С тех пор между нашими странами установились по-настоящему деловые отношения, серьезное, глубокое сотрудничество в экономической области. Кроме того, эти отношения затронули и военную сферу: в какой-то период индийская армия оказалась в очень большой степени оснащена советским оружием. В СССР учились индийские офицеры — летчики, артиллеристы. Одним словом, это было время расцвета лозунга «Хинди, руси — бхай-бхай!», что в переводе означает «Индийцы и русские — братья!».

На приеме в Посольстве Индии в СССР.

На переднем плане: Н. С. Хрущев, В. М. Суходрев, посол Индии, Н. А. Булганин

Москва, 1957 год

Кстати, у нас не было тогда города, где бы не крутили индийские фильмы. Достаточно вспомнить Раджа Капура с его «Бродягой».

И вот случилось так, что количественный перевес в обмене визитами на высшем уровне оказался явно не на нашей стороне, в том смысле, что индийские премьер-министр или президент приезжали к нам чаще, чем советские лидеры этого же уровня ездили к ним.

И тогда индийцы стали все более настойчиво просить, чтобы для демонстрации всему миру наших действительно равноправных отношений глава советского государства все-таки посетил Индию. А этим главой у нас тогда являлся Председатель Президиума Верховного Совета СССР Климент Ефремович Ворошилов — легендарный полководец времен Гражданской войны, «первый маршал», как его называли накануне Великой Отечественной. Ну а к периоду, о котором идет речь, это был глубокий старец, немощный умом и телом, с розовым, как у младенца, цветом лица.

Когда советское руководство дало принципиальное согласие на такой визит, возникла проблема. Кто-то сообразил, возможно и сам Хрущев, что Ворошилова нельзя отпускать куда бы то ни было одного, так сказать в самостоятельное плавание.

В Москве с ним проблем не было: он появлялся на приемах, раздавал государственные награды, принимал верительные грамоты у послов, беседуя с ними минут десять, длинных речей не произносил, словом, беспокойства не вызывал, а славу сохранял. Да и был он под постоянным контролем своих партийных товарищей. Но во время зарубежной поездки…

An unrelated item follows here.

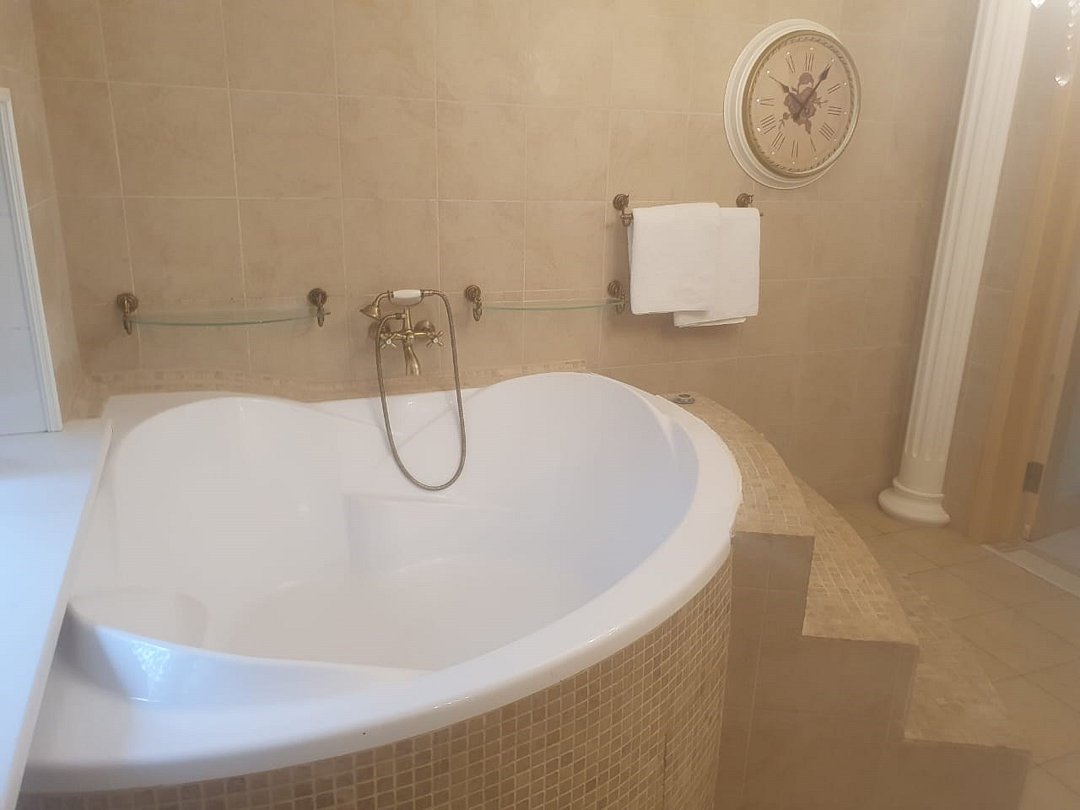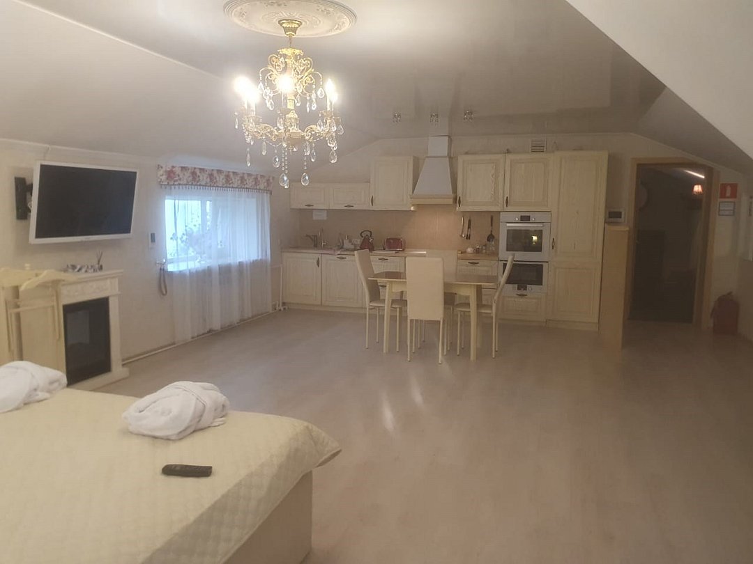 Большой 3-х комнатный номер в романтических бежевых тонах стиля прованс. 120 кв.м. Второй этаж. 3 комнаты на 5 спальных мест. Туалетная комната с биде и ванная комната с большой ванной. Кухонная зона снабжена встроенным холодильником, большим комплектом посуды а так же фильтром для воды, тостером, чайником, сенсорной плитой для приготовления пищи, встроеным духовым шкафом и микроволновой печью, вытяжкой. В обеденной зоне есть теплые полы. А так же king-size кровать и tv зона, свой wi-fi, кондиционер, фен. Много окон, светло и уютно. Отдельный вход.Услуги и удобства

И вот на заседании Президиума ЦК нашли выход: надо дать Ворошилову таких сопровождающих, которые были бы ему ровней по положению в советской партийной иерархии. Ими оказались Фрол Романович Козлов, как я уже отмечал, второй человек в партии после Хрущева, и широко известная Екатерина Алексеевна Фурцева, тоже член Президиума. Таким образом, по своему партийному статусу — а у нас именно это являлось главным — все трое были равны. По мнению Хрущева, это окружение служило гарантией того, что Ворошилов будет в Индии под присмотром и не выкинет ничего лишнего. Придумка хорошая, но надо было еще уговорить индийцев, у которых издавна четко соблюдается самый строгий государственный протокол. Индийцы спросили:

— Кто руководитель вашей делегации?

Им бодро ответили:

— А нет руководителя, есть просто делегация самого высокого уровня.

Индийцы возразили:

— Но ведь все-таки Ворошилов — Председатель Президиума Верховного Совета, глава государства, он принимает верительные грамоты у послов, выполняет иные функции, которые в других странах в руках только президента. Кто же будет принимать рапорты почетного караула? Кто будет отвечать на речь индийского премьер-министра во время банкета? Кто будет отвечать на речи губернаторов тех провинций, которые планируется посетить?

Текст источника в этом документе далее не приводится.